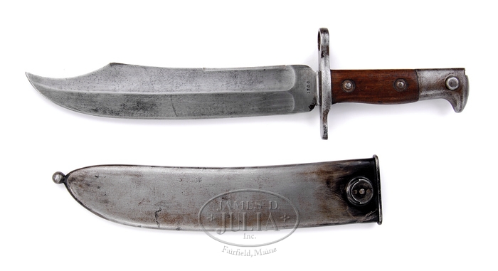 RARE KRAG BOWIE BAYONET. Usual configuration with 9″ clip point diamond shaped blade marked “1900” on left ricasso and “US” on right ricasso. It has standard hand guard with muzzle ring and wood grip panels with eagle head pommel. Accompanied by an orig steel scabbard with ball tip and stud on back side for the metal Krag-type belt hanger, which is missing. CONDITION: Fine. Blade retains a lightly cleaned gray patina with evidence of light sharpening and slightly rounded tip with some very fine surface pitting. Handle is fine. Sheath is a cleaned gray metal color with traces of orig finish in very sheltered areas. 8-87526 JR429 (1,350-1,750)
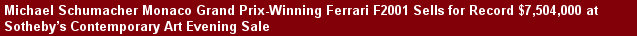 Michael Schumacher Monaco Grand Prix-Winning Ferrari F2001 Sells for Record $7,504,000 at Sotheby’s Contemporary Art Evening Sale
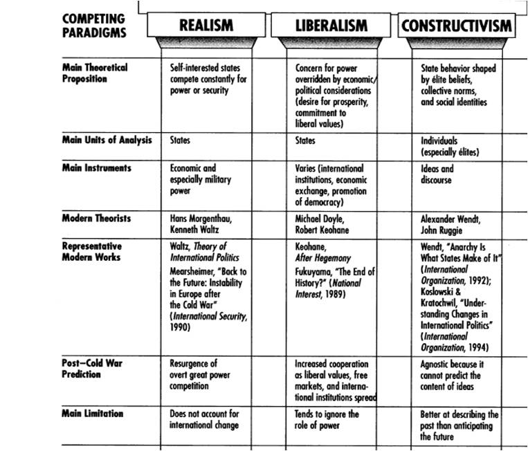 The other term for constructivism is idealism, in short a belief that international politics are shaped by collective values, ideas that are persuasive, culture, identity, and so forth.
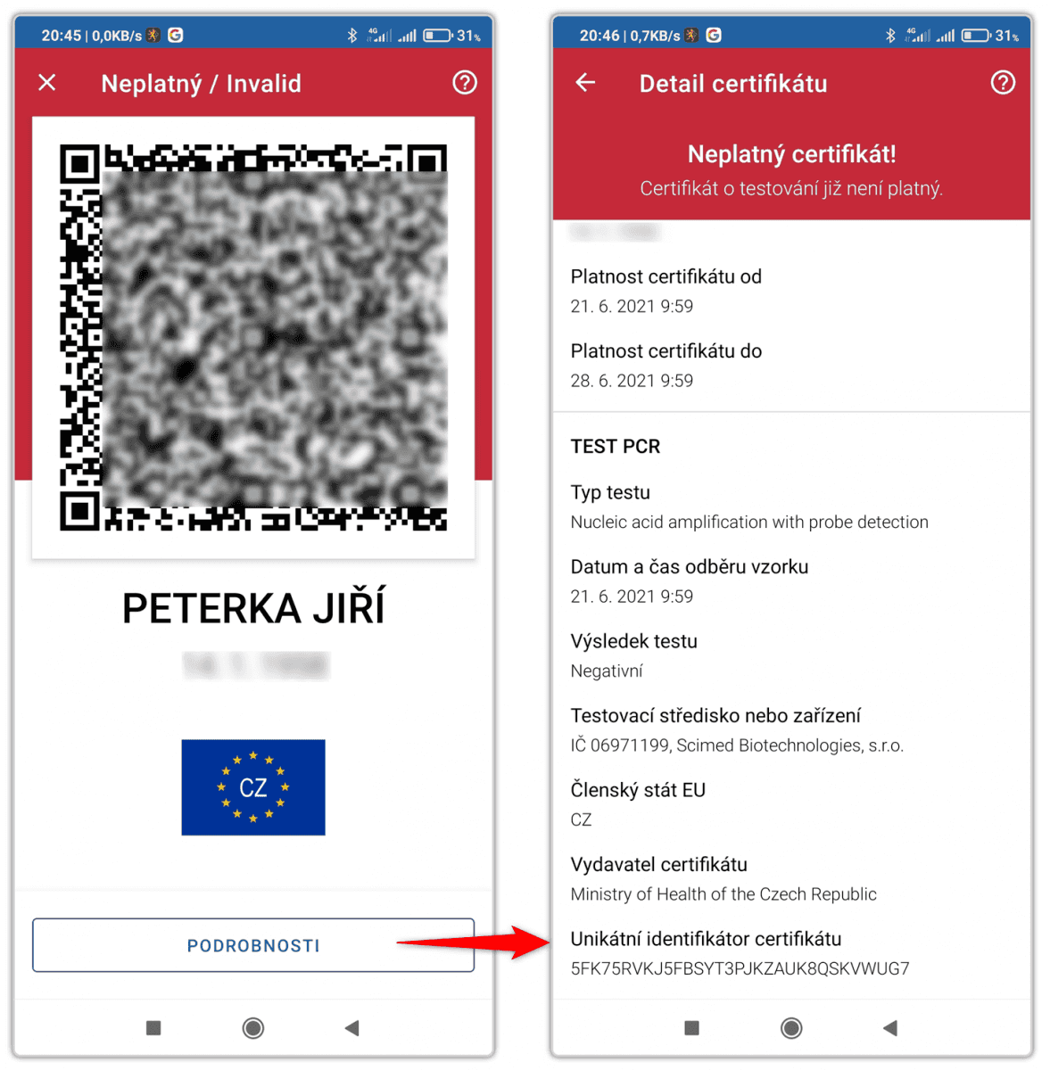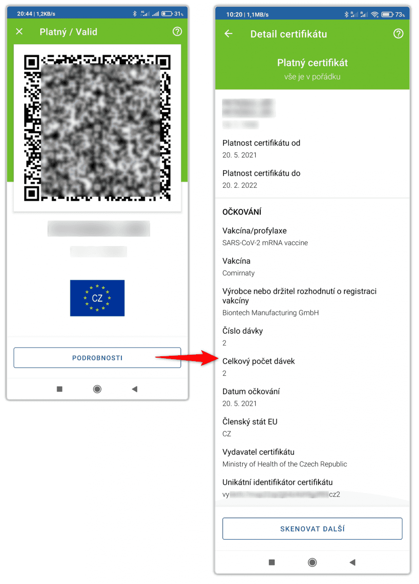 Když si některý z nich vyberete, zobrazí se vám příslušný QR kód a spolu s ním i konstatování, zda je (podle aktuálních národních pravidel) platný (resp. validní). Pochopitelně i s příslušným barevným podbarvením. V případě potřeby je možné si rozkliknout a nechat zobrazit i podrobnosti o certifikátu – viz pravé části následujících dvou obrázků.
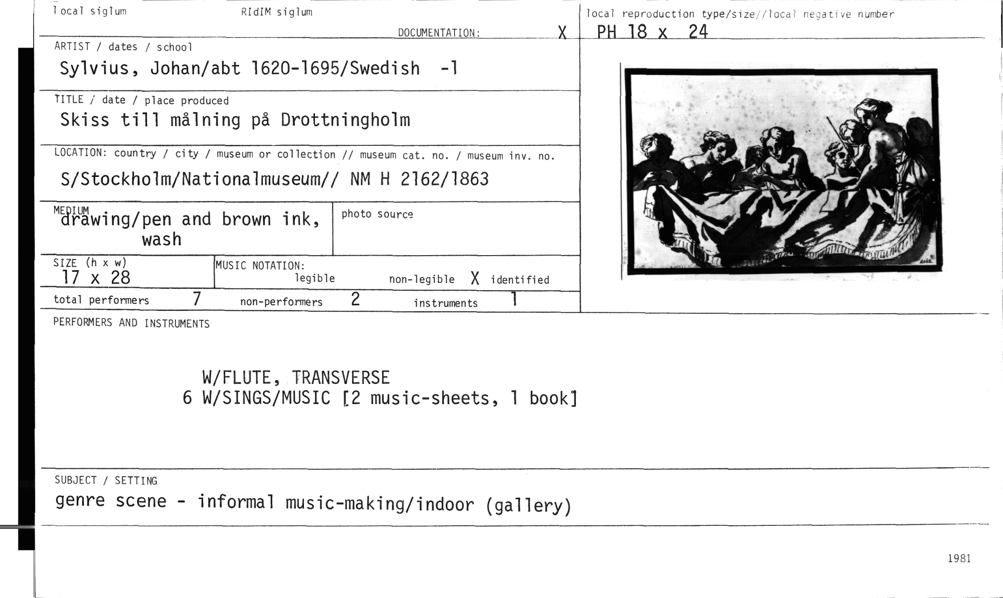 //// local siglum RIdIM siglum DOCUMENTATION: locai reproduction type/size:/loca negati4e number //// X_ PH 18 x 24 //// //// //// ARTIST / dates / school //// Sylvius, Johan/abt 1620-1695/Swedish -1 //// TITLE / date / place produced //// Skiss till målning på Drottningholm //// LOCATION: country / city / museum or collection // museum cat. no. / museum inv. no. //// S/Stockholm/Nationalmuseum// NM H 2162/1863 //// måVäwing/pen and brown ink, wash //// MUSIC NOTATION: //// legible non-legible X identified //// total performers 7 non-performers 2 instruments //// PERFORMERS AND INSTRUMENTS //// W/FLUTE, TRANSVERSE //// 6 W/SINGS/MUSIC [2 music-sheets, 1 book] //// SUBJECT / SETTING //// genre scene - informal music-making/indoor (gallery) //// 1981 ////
* * *
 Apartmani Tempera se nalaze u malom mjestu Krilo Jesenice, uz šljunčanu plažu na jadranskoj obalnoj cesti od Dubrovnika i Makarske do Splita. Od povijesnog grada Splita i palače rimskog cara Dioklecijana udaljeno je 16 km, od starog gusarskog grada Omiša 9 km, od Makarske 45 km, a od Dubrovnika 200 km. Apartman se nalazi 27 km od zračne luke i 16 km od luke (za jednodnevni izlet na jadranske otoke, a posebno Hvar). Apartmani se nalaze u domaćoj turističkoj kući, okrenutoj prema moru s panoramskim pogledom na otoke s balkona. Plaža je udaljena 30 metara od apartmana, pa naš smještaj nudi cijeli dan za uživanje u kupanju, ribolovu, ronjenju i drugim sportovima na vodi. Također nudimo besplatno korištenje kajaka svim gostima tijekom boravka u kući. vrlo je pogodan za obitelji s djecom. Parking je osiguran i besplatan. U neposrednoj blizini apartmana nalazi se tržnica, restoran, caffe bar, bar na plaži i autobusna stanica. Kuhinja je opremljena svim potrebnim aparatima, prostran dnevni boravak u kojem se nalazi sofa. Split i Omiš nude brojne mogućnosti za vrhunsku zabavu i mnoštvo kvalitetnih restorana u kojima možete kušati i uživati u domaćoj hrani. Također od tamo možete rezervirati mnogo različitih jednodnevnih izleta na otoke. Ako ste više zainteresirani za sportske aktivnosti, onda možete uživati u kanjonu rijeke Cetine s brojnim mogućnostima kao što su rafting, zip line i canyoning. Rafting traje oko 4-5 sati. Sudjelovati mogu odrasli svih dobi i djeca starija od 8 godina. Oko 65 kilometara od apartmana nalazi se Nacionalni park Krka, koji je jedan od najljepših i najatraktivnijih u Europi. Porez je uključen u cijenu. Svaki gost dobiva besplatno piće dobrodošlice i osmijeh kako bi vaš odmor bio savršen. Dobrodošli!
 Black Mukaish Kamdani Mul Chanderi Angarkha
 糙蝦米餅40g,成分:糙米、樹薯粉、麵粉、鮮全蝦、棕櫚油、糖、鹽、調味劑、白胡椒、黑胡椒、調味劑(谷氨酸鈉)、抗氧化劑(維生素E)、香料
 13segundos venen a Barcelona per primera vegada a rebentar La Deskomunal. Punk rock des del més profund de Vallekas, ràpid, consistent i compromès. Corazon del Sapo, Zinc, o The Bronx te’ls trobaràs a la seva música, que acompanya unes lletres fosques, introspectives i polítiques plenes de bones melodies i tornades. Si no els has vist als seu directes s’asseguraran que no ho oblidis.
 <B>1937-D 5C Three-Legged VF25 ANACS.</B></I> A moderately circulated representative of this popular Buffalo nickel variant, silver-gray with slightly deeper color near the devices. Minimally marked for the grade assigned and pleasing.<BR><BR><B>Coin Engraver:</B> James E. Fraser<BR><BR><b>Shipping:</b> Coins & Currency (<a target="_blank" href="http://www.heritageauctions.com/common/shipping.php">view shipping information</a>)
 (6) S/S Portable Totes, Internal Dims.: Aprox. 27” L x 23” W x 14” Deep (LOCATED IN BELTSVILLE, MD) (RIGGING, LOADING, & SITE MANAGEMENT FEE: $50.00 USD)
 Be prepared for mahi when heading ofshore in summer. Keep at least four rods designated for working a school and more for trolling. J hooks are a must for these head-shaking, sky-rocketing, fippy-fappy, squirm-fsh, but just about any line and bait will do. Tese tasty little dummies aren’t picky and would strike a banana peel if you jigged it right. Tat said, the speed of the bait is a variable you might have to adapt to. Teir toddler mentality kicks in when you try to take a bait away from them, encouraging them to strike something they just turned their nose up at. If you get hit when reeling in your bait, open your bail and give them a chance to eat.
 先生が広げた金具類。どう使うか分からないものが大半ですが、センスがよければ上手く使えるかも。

_Task objective:_ Lines to set down from above: the line with "Be prepared for", the line with "先生が広げた金具類。どう使う", and every line between, each exactly as written.

_The completed task:_
 Be prepared for mahi when heading ofshore in summer. Keep at least four rods designated for working a school and more for trolling. J hooks are a must for these head-shaking, sky-rocketing, fippy-fappy, squirm-fsh, but just about any line and bait will do. Tese tasty little dummies aren’t picky and would strike a banana peel if you jigged it right. Tat said, the speed of the bait is a variable you might have to adapt to. Teir toddler mentality kicks in when you try to take a bait away from them, encouraging them to strike something they just turned their nose up at. If you get hit when reeling in your bait, open your bail and give them a chance to eat.
 先生が広げた金具類。どう使うか分からないものが大半ですが、センスがよければ上手く使えるかも。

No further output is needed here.